WHAT TO DO. Nothing after the line with "Free People Linen" belongs in the copy; extract the lines below from the top through that line, pictures left out.

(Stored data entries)
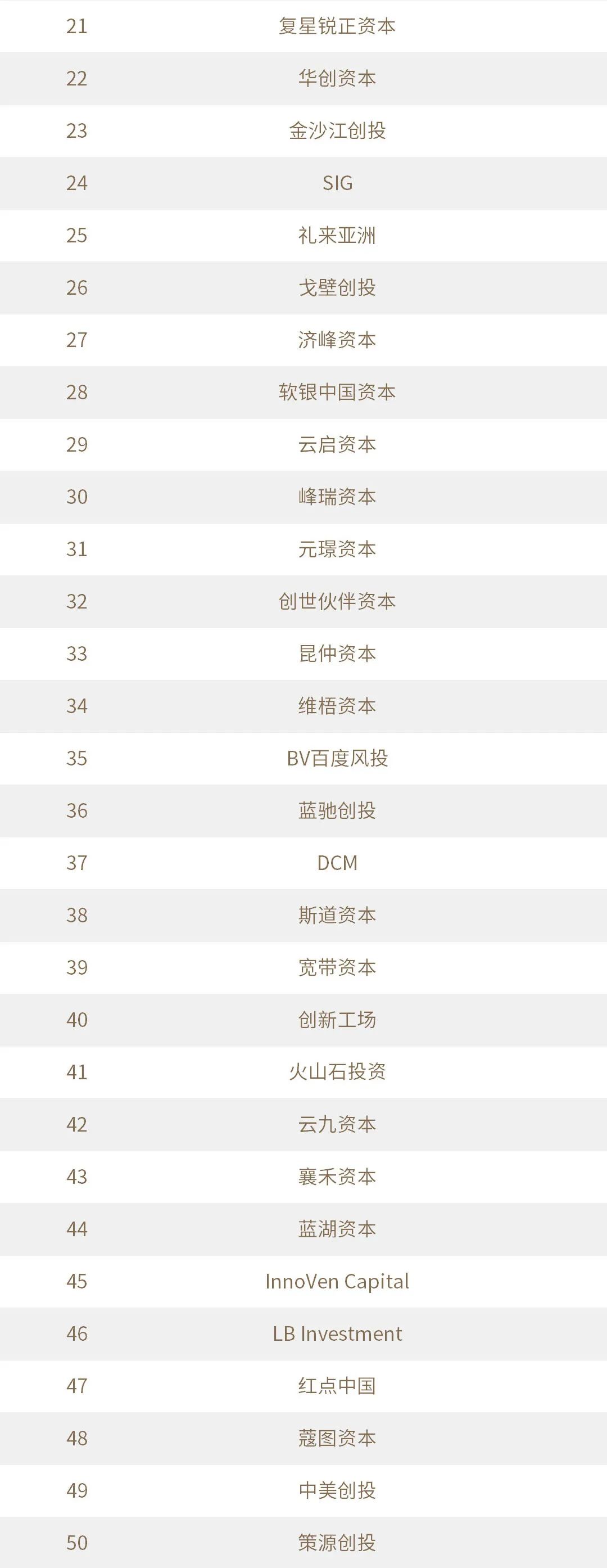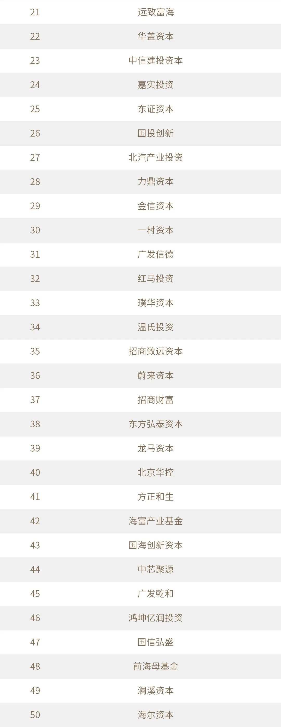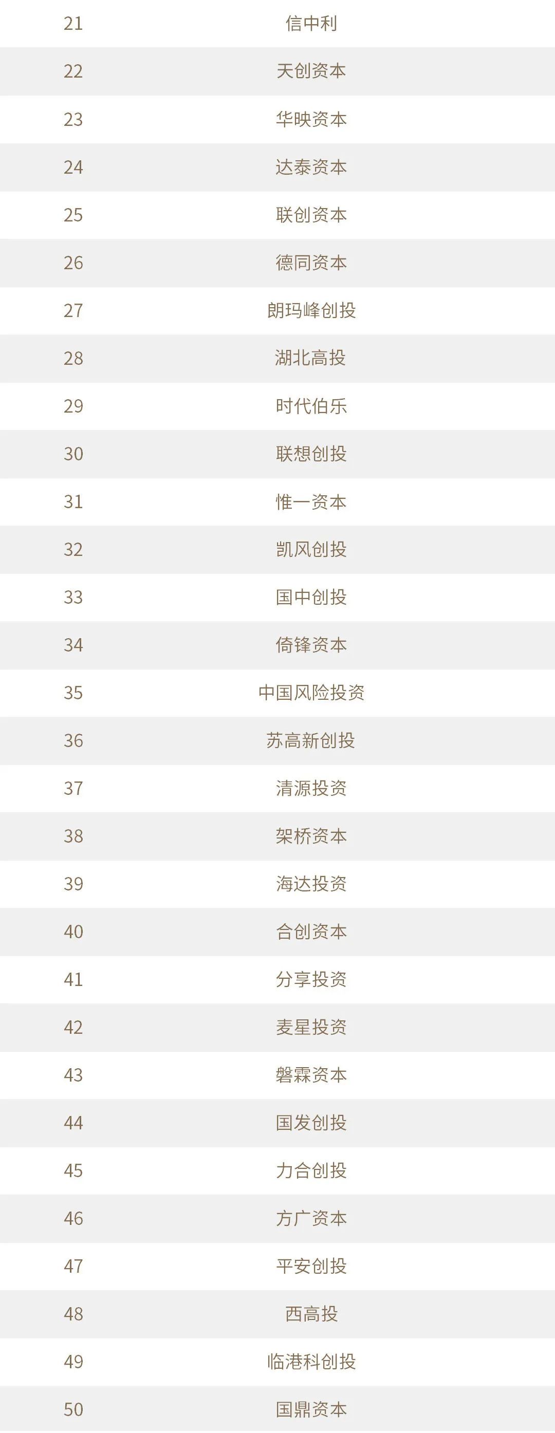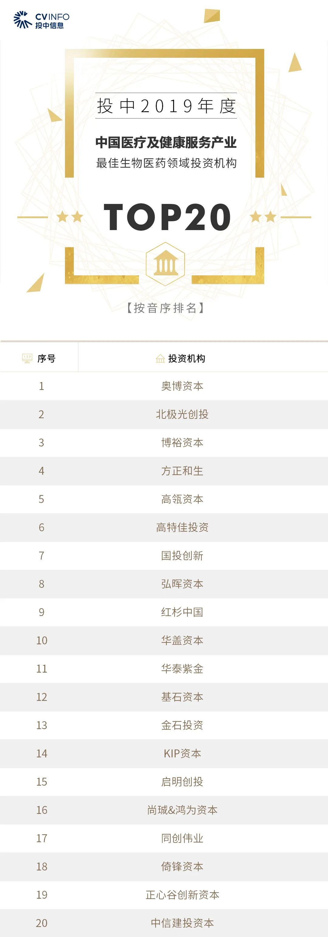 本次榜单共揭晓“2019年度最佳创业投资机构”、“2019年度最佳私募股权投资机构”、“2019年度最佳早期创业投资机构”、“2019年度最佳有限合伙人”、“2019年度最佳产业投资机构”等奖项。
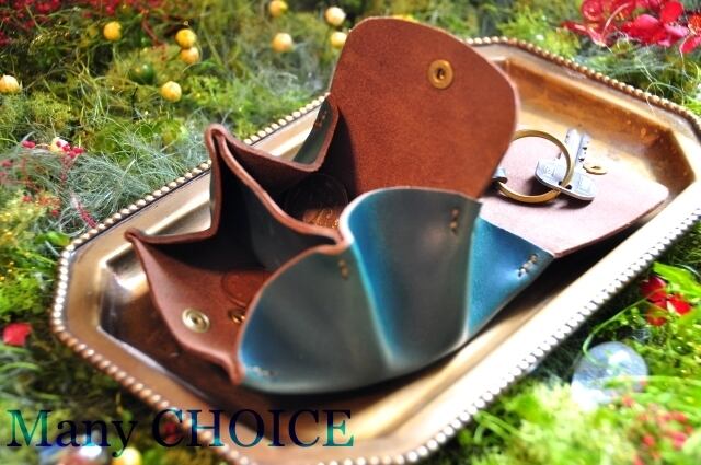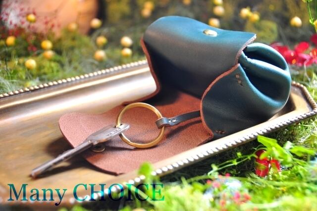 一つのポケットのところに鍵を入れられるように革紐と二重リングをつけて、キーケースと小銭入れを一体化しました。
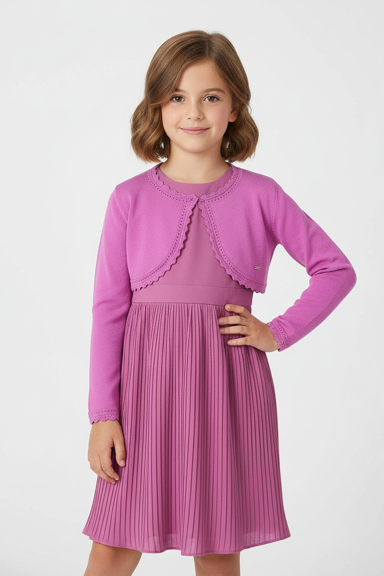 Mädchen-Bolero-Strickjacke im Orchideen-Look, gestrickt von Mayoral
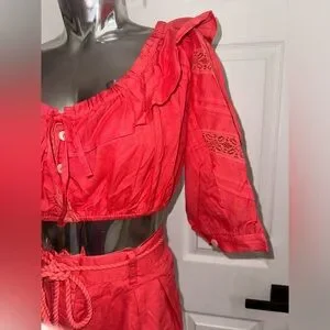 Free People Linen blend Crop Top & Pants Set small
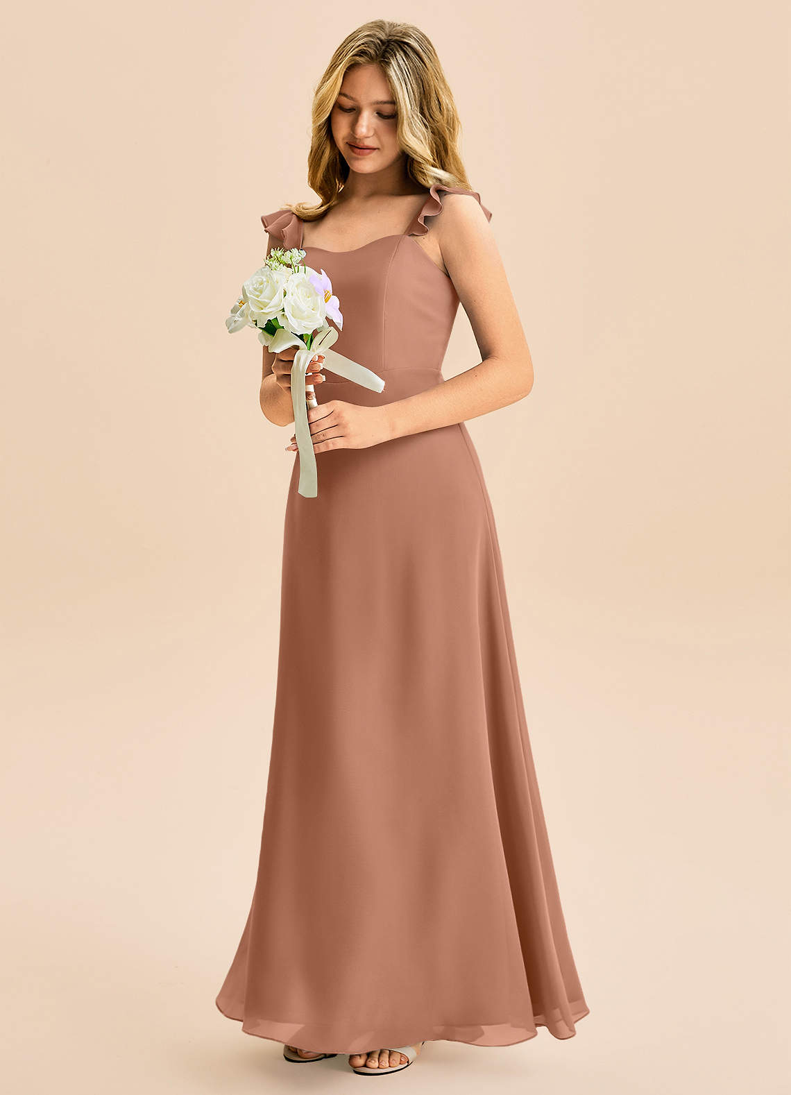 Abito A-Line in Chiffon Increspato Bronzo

ANSWER BOX.
 本次榜单共揭晓“2019年度最佳创业投资机构”、“2019年度最佳私募股权投资机构”、“2019年度最佳早期创业投资机构”、“2019年度最佳有限合伙人”、“2019年度最佳产业投资机构”等奖项。
 一つのポケットのところに鍵を入れられるように革紐と二重リングをつけて、キーケースと小銭入れを一体化しました。
 Mädchen-Bolero-Strickjacke im Orchideen-Look, gestrickt von Mayoral
 Free People Linen blend Crop Top & Pants Set small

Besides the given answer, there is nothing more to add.